__Exercise inputs__
——

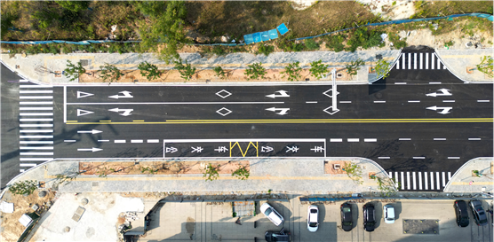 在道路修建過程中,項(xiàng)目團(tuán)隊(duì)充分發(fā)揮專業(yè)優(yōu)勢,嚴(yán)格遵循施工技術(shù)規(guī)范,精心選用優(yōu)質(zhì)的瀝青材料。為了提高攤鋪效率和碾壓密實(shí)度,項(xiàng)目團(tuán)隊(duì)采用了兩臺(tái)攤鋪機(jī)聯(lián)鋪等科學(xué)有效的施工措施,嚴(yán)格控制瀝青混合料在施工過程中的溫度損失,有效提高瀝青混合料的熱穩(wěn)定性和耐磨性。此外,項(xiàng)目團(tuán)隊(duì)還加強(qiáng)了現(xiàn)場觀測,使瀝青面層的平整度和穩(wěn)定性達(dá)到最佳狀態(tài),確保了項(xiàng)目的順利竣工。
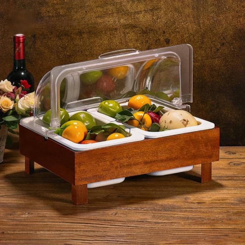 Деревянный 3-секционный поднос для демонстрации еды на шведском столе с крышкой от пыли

——

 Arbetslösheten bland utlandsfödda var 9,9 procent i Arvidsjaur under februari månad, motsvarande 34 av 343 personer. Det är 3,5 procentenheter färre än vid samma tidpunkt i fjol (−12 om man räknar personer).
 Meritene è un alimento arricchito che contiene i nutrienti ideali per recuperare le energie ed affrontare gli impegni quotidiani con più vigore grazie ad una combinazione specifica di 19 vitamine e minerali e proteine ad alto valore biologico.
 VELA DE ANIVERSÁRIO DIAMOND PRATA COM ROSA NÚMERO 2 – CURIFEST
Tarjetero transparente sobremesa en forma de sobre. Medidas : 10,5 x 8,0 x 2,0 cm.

——

__Required action__
What should come back is an exact copy of the lines above from the line with "在道路修建過程中,項(xià" to the line with "Деревянный 3-секционный поднос", both included, minus the pictures.

__Problem solution__
 在道路修建過程中,項(xiàng)目團(tuán)隊(duì)充分發(fā)揮專業(yè)優(yōu)勢,嚴(yán)格遵循施工技術(shù)規(guī)范,精心選用優(yōu)質(zhì)的瀝青材料。為了提高攤鋪效率和碾壓密實(shí)度,項(xiàng)目團(tuán)隊(duì)采用了兩臺(tái)攤鋪機(jī)聯(lián)鋪等科學(xué)有效的施工措施,嚴(yán)格控制瀝青混合料在施工過程中的溫度損失,有效提高瀝青混合料的熱穩(wěn)定性和耐磨性。此外,項(xiàng)目團(tuán)隊(duì)還加強(qiáng)了現(xiàn)場觀測,使瀝青面層的平整度和穩(wěn)定性達(dá)到最佳狀態(tài),確保了項(xiàng)目的順利竣工。
 Деревянный 3-секционный поднос для демонстрации еды на шведском столе с крышкой от пыли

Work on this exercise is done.